**** Given data ****

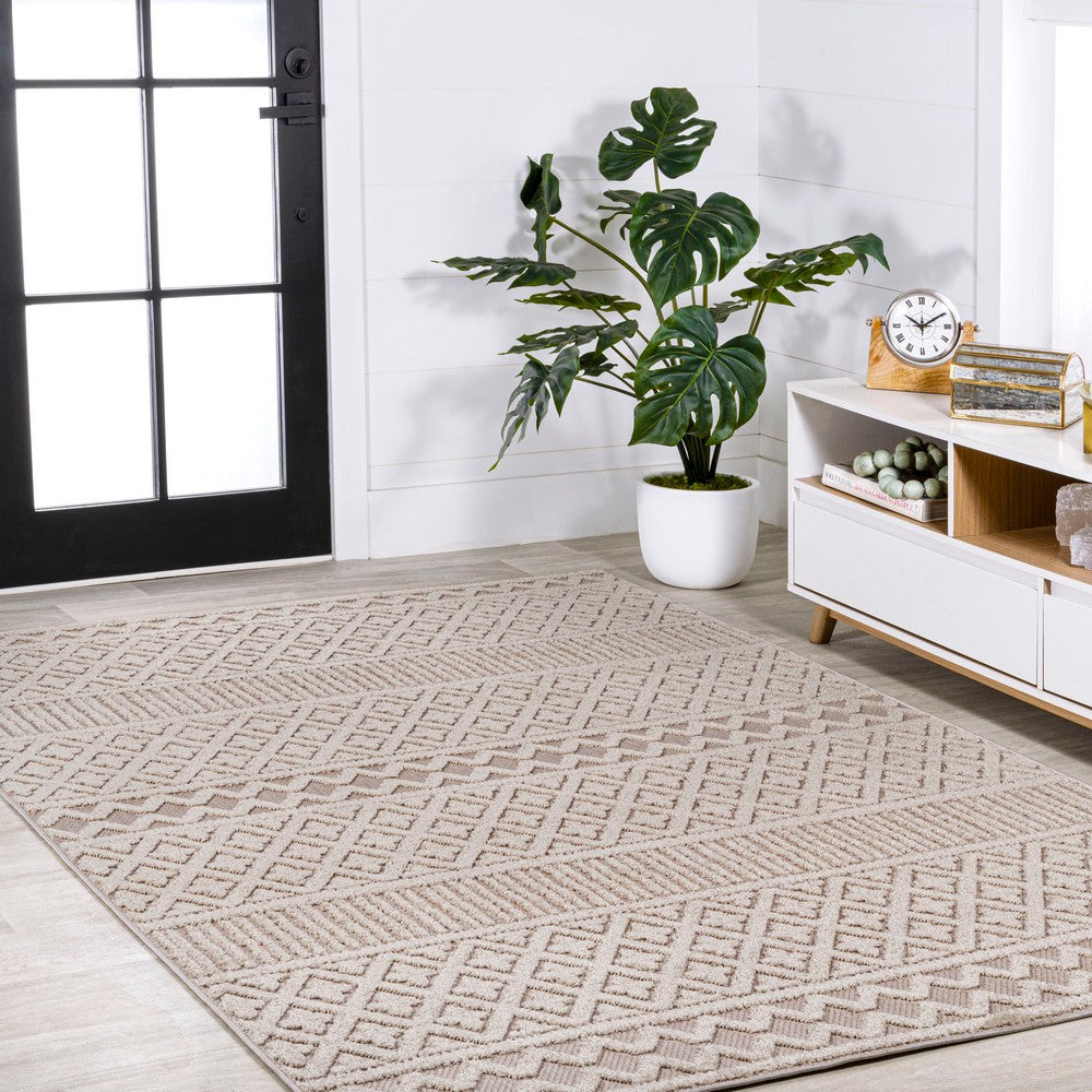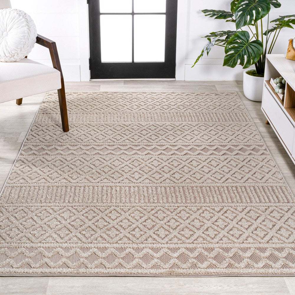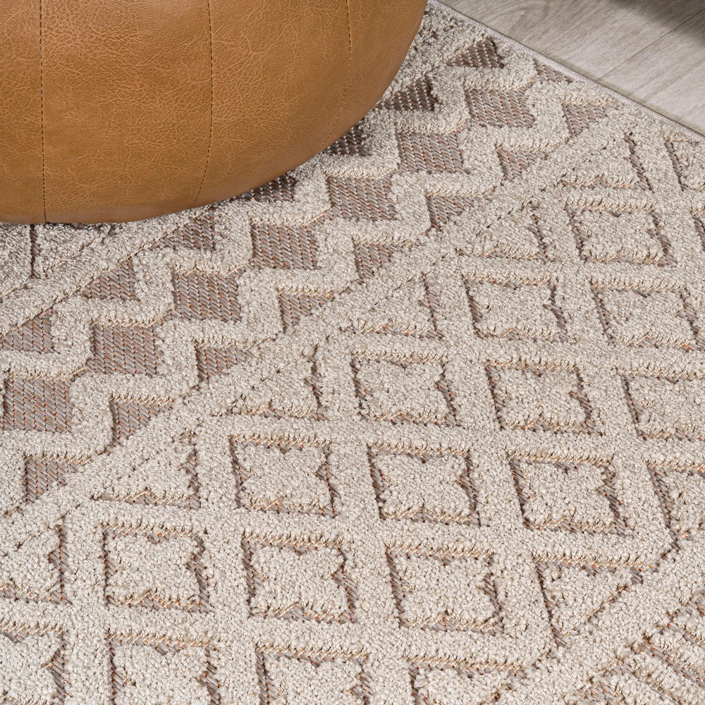chevron High-Low Modern Trellis Geometric Indoor/Outdoor Area Rug
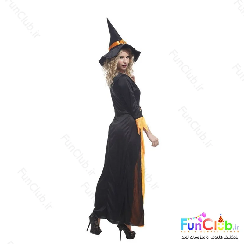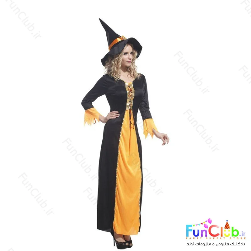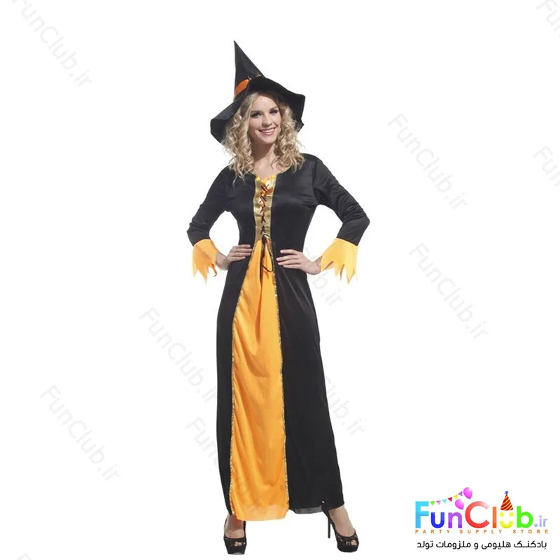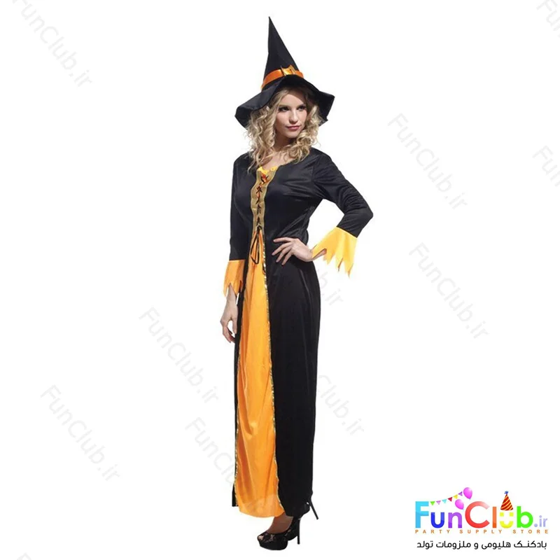 کلیه لباس ها تحت هیچ عنوان تعویض یا مرجوعی ندارند - لباس هالووین بزرگسال مدل جادوگر مشکی نارنجی
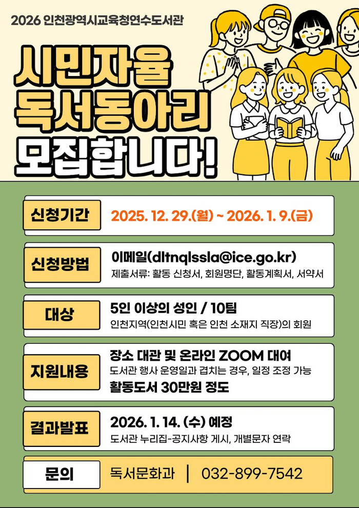 [인천=문찬식 기자] 인천광역시교육청연수도서관(관장 서경희)은 시민의 자발적인 독서활동을 지원하고 독서생활화를 확산하기 위해 ‘2026년 시민자율독서동아리’를 모집한다.
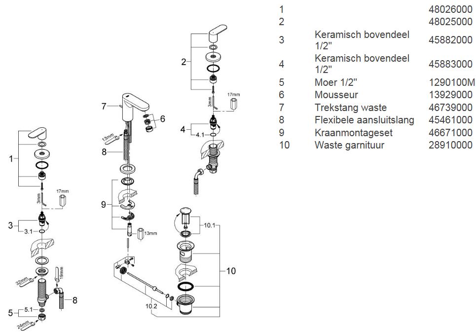 drukvaste, flexibele aansluitslangen tussen stopkranen en uitloop
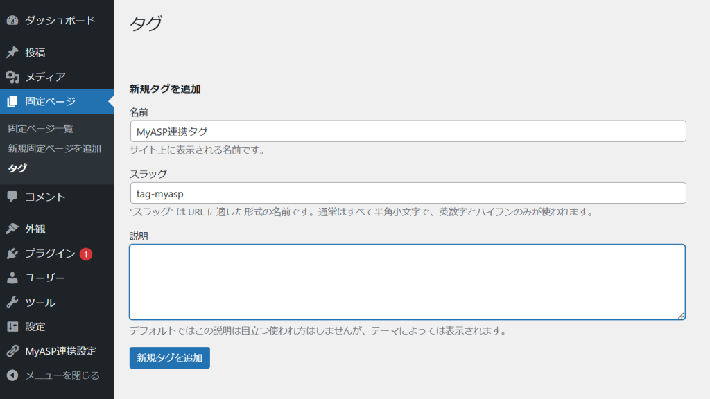 ②WordPressで「タグ」を作成し、そのタグにMyASPのシナリオを紐づけます
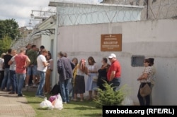 З свайго заплечніка Анастасія дастае ўпакоўку з-пад сьцяга і паказвае яе тым, хто прыйшоў да ізалятара перадаць зьняволеным родзічам перадачы.

****

Exercise prompt: Full transcription of the material, exact in every line, without images.

Answer:
chevron High-Low Modern Trellis Geometric Indoor/Outdoor Area Rug
 کلیه لباس ها تحت هیچ عنوان تعویض یا مرجوعی ندارند - لباس هالووین بزرگسال مدل جادوگر مشکی نارنجی
 [인천=문찬식 기자] 인천광역시교육청연수도서관(관장 서경희)은 시민의 자발적인 독서활동을 지원하고 독서생활화를 확산하기 위해 ‘2026년 시민자율독서동아리’를 모집한다.
 drukvaste, flexibele aansluitslangen tussen stopkranen en uitloop
 ②WordPressで「タグ」を作成し、そのタグにMyASPのシナリオを紐づけます
 З свайго заплечніка Анастасія дастае ўпакоўку з-пад сьцяга і паказвае яе тым, хто прыйшоў да ізалятара перадаць зьняволеным родзічам перадачы.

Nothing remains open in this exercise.